There are at least three bugs there, I gave up and went back to
the version I tested before instead of trying to patch up yours.
The three bugs I found (1GB uvirtual 2GB physical HIGHMEM64G):
1. You use a pgd_none test in your CONFIG_X86_PAE additions to
fixrange_init, but pgd_none always 0 when PAE: you'd have to
compare against empty_zero_page instead.
2. You calculate nr_pte one too few since start is not PMD_SIZE
aligned, so final page table still discontiguous in some cases
e.g. when it finds it does need to allocate another pmd.
3. If 1GB uvirtual 1GB physical HIGHMEM64G then pgd[2]
will remain empty_zero_page, and vmallocs will fail.

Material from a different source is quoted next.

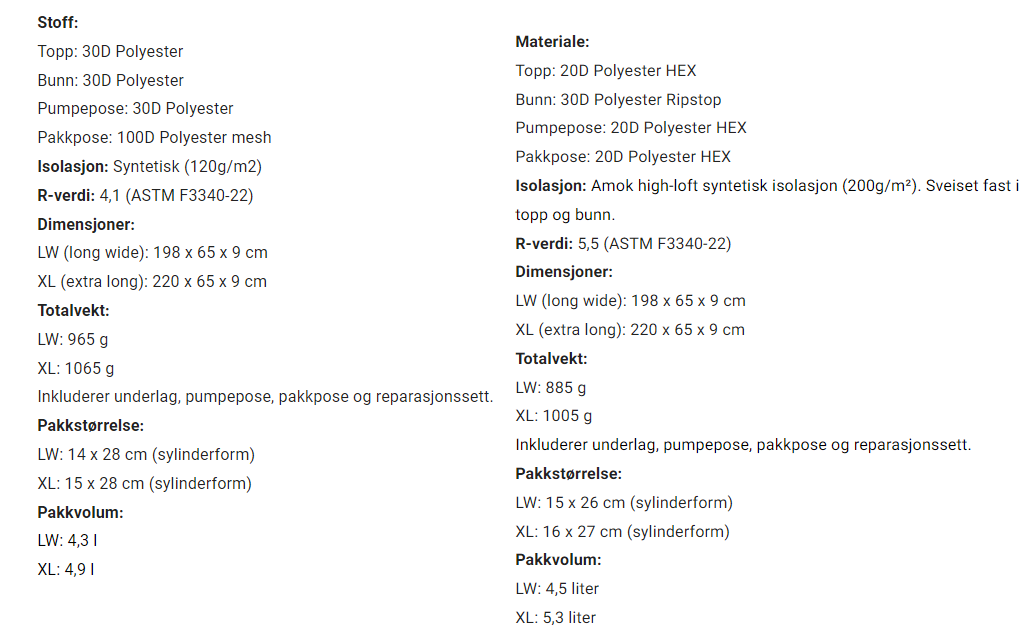 Kjøpte Barents Trollheim classic 3, så trenger derfor hjelp til og finne liggeunderlag! Jeg er nesten 2M høy og sovner lettest\best på siden, men har en tendens til og våkne på rygg! Sikla litt på Exped megmat før jeg så hvor HUGE Den er... (selv nedpakket). Hva er noen liggeunderlag som tåler Skandinaviske forhold, som også passer høye mennesker?- 4 svar

Imagine my distress if next time around I discover you've
fixed those three with even more code in fixrange_init!
Patch rediffed below.
Hugh
--- 2.4.18-pre7aa1/arch/i386/mm/init.c Wed Jan 30 15:10:34 2002
+++ linux/arch/i386/mm/init.c Wed Jan 30 20:02:17 2002
@@ -167,69 +167,6 @@
set_pte_phys(address, phys, flags);
}
-static void __init fixrange_init (unsigned long start, unsigned long end, pgd_t *pgd_base, int contigous_pte)
-{
- pgd_t *pgd;
- pmd_t *pmd;
- pte_t *pte;
- int i, j;
- int nr_pte;
- void * pte_array;
-
- if (start & ~PAGE_MASK)
- BUG();
-
- i = __pgd_offset(start);
- j = __pmd_offset(start);
- pgd = pgd_base + i;
-
- if (contigous_pte) {
- if (start >= end)
- BUG();
- nr_pte = (end - start + PMD_SIZE - 1) >> PMD_SHIFT;
-#if CONFIG_X86_PAE
- /* no pmd w/o PAE enabled */
- if (j + nr_pte > PTRS_PER_PMD)
- BUG();
-#endif
- pte_array = alloc_bootmem_low_pages(PAGE_SIZE * nr_pte);
- }
- for ( ; (i < PTRS_PER_PGD) && (start < end); pgd++, i++) {
-#if CONFIG_X86_PAE
- if (pgd_none(*pgd)) {
- pmd = (pmd_t *) alloc_bootmem_low_pages(PAGE_SIZE);
- set_pgd(pgd, __pgd(__pa(pmd) + 0x1));
- if (pmd != pmd_offset(pgd, 0))
- printk("PAE BUG #02!\n");
- }
- pmd = pmd_offset(pgd, start);
-#else
- pmd = (pmd_t *)pgd;
-#endif
- for (; (j < PTRS_PER_PMD) && (start < end); pmd++, j++) {
- if (pmd_none(*pmd)) {
- if (contigous_pte) {
- pte = (pte_t *) pte_array;
- pte_array += PAGE_SIZE;
- nr_pte--;
- } else
- pte = (pte_t *) alloc_bootmem_low_pages(PAGE_SIZE);
- set_pmd(pmd, mk_pmd_phys(__pa(pte), __pgprot(_KERNPG_TABLE)));
- if (pte != pte_offset_lowmem(pmd, 0))
- BUG();
- }
- start += PMD_SIZE;
- }
- j = 0;
- }
- if (contigous_pte) {
- if (nr_pte < 0)
- BUG();
- if (nr_pte > 0)
- free_bootmem((unsigned long) pte_array, nr_pte * PAGE_SIZE);
- }
-}
-
static void __init pagetable_init (void)
{
unsigned long vaddr, end;
@@ -246,8 +183,24 @@
pgd_base = swapper_pg_dir;
#if CONFIG_X86_PAE
- for (i = 0; i < PTRS_PER_PGD; i++)
+ /*
+ * First set all four entries of the pgd.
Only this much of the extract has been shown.